▶ EXERCISE PROMPT:
Leave out the pictures and output exactly the lines below from the one with "Изящный корпус в" down to the one with "Both lounges open", both of them included.

(SUPPLIED RECORDS begins)

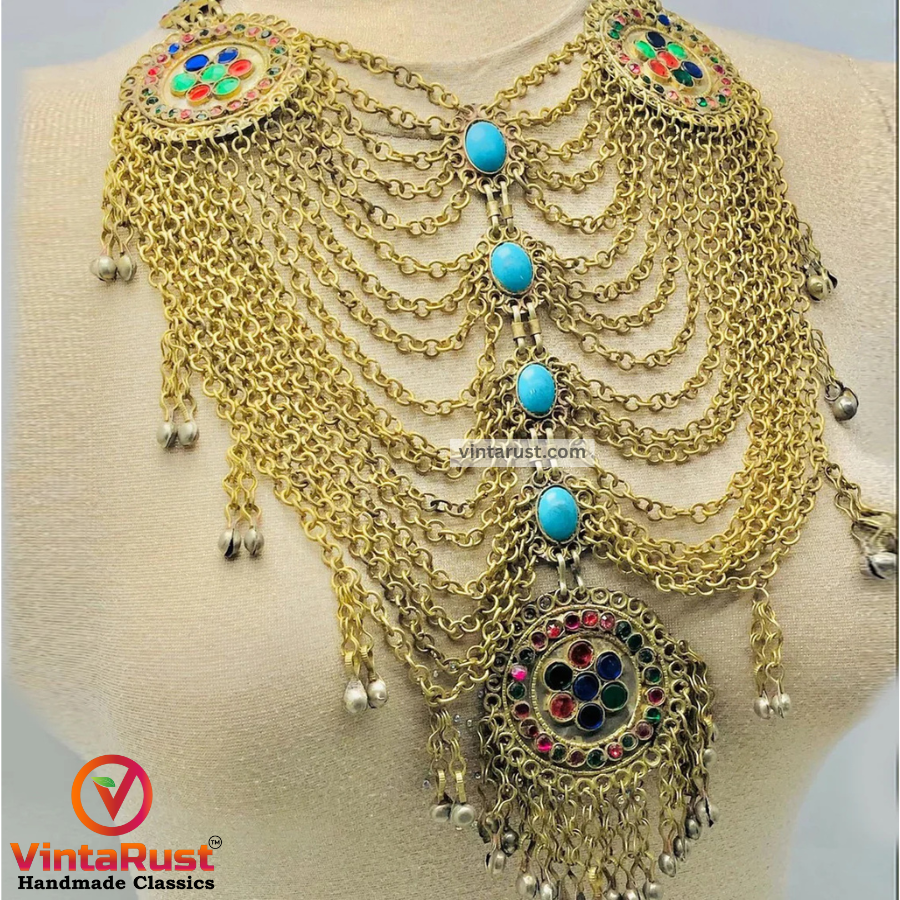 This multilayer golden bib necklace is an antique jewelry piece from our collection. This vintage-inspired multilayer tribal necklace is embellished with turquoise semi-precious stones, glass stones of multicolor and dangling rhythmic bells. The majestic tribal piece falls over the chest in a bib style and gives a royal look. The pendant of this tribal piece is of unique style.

(SUPPLIED RECORDS ends)
(SUPPLIED RECORDS begins)

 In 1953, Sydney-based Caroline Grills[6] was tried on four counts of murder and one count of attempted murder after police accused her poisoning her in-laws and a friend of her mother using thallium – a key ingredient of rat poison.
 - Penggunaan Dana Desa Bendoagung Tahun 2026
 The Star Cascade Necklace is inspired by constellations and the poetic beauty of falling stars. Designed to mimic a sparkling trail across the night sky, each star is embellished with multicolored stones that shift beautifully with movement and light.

(SUPPLIED RECORDS ends)
(SUPPLIED RECORDS begins)

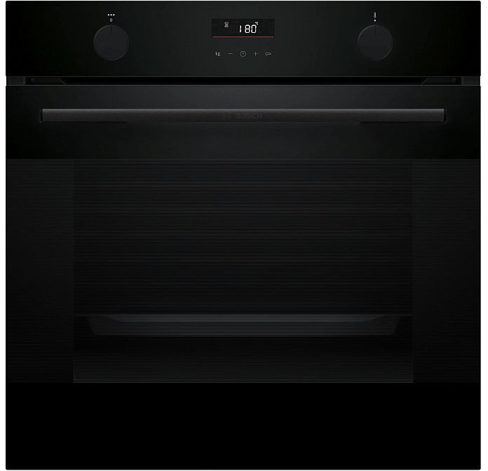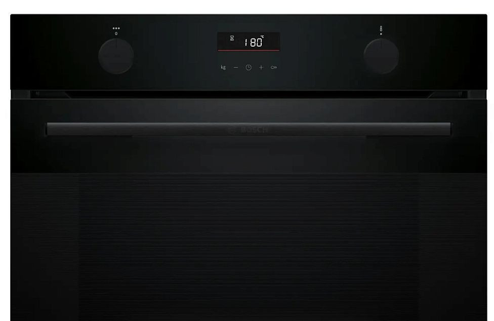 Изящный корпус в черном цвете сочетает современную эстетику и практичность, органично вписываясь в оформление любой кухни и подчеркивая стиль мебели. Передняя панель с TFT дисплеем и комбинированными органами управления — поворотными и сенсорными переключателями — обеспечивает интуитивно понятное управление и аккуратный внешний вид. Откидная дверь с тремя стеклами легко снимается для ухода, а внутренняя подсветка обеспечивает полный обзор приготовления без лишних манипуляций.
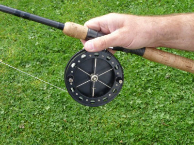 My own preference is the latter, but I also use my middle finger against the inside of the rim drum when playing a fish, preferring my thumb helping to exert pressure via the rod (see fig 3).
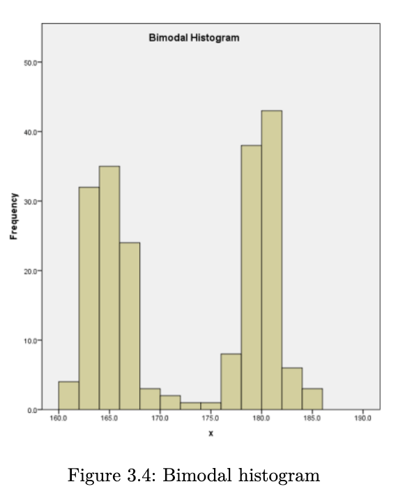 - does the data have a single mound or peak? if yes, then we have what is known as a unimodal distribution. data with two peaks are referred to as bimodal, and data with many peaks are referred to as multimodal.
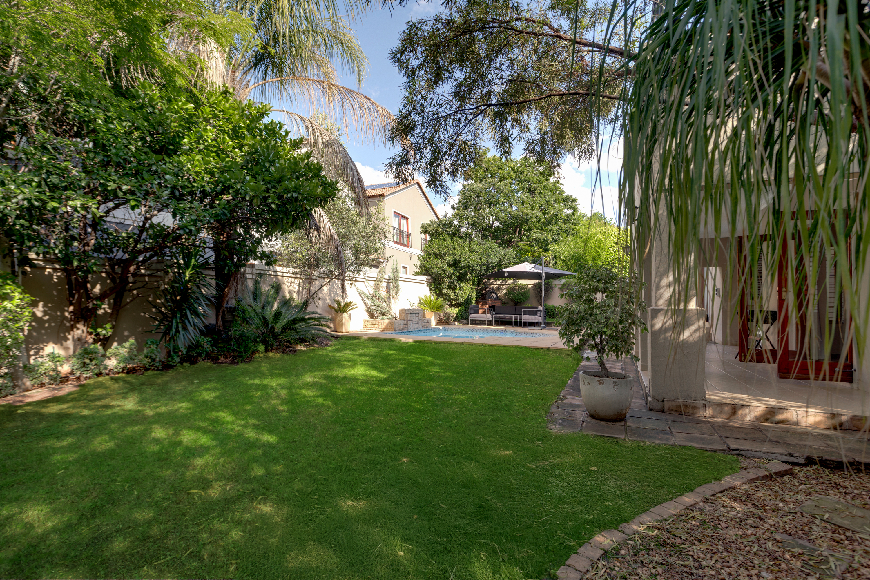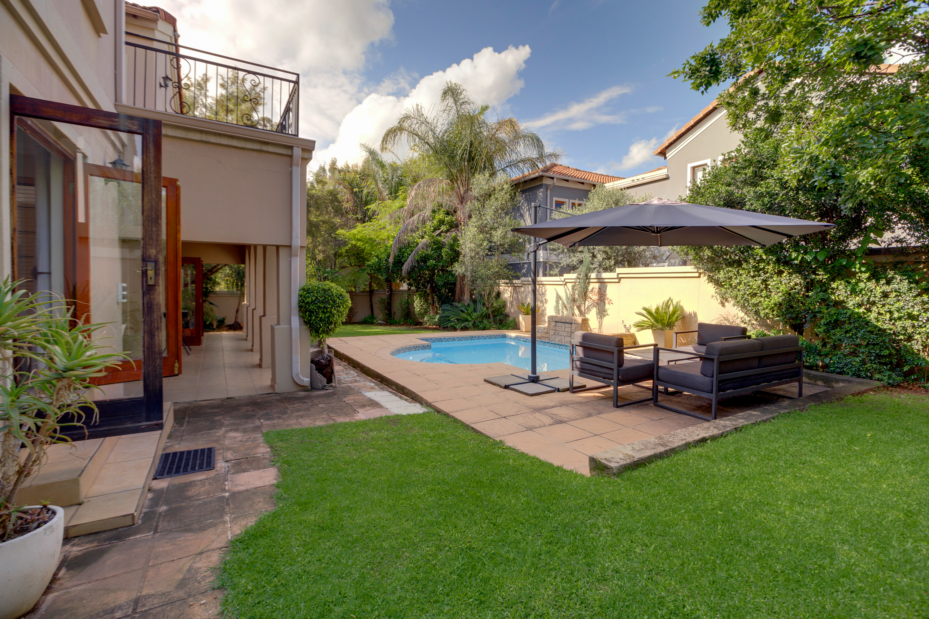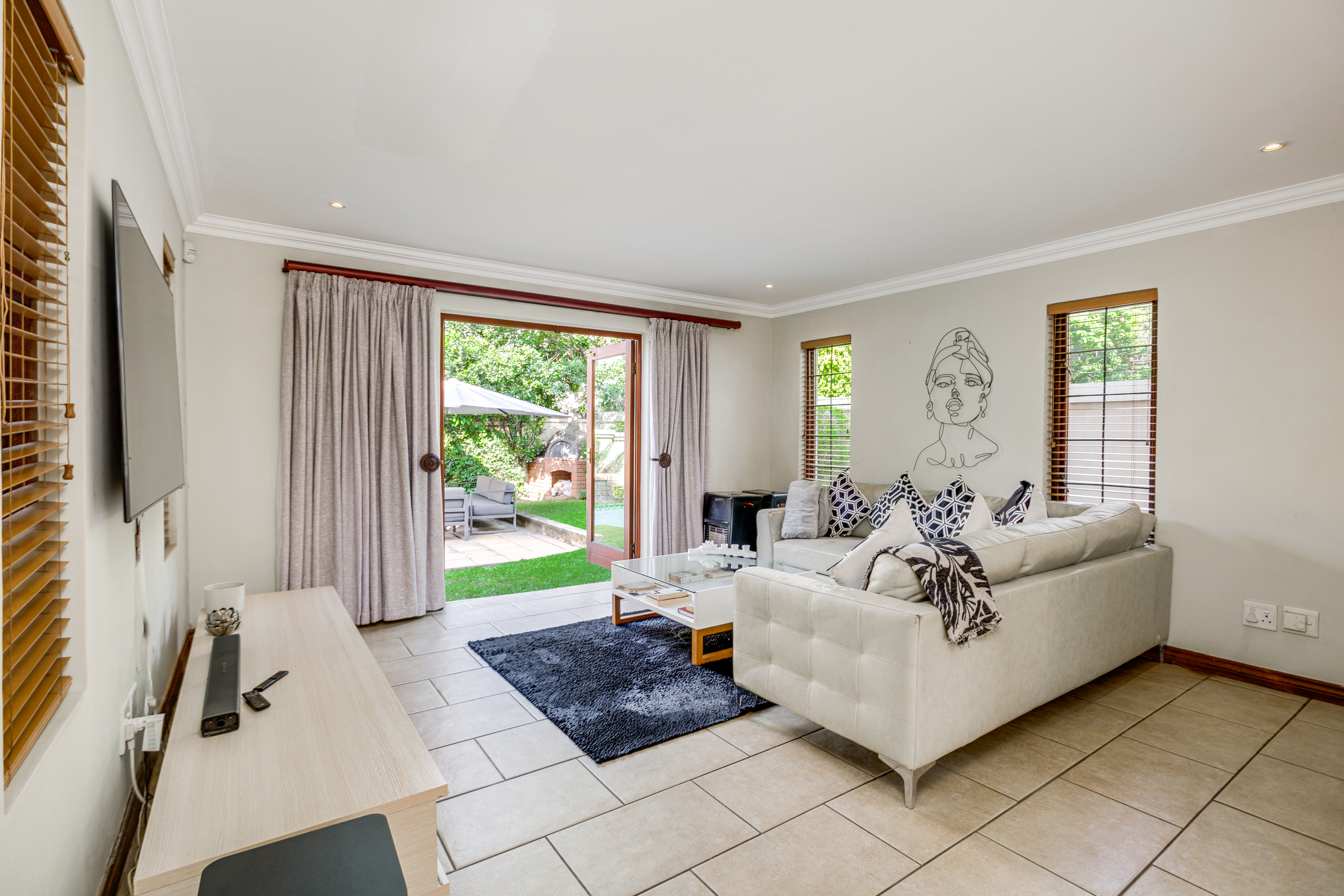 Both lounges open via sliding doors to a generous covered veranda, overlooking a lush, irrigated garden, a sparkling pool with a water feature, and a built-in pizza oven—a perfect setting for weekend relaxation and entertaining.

(SUPPLIED RECORDS ends)

▶ RESULT:
 Изящный корпус в черном цвете сочетает современную эстетику и практичность, органично вписываясь в оформление любой кухни и подчеркивая стиль мебели. Передняя панель с TFT дисплеем и комбинированными органами управления — поворотными и сенсорными переключателями — обеспечивает интуитивно понятное управление и аккуратный внешний вид. Откидная дверь с тремя стеклами легко снимается для ухода, а внутренняя подсветка обеспечивает полный обзор приготовления без лишних манипуляций.
 My own preference is the latter, but I also use my middle finger against the inside of the rim drum when playing a fish, preferring my thumb helping to exert pressure via the rod (see fig 3).
 - does the data have a single mound or peak? if yes, then we have what is known as a unimodal distribution. data with two peaks are referred to as bimodal, and data with many peaks are referred to as multimodal.
 Both lounges open via sliding doors to a generous covered veranda, overlooking a lush, irrigated garden, a sparkling pool with a water feature, and a built-in pizza oven—a perfect setting for weekend relaxation and entertaining.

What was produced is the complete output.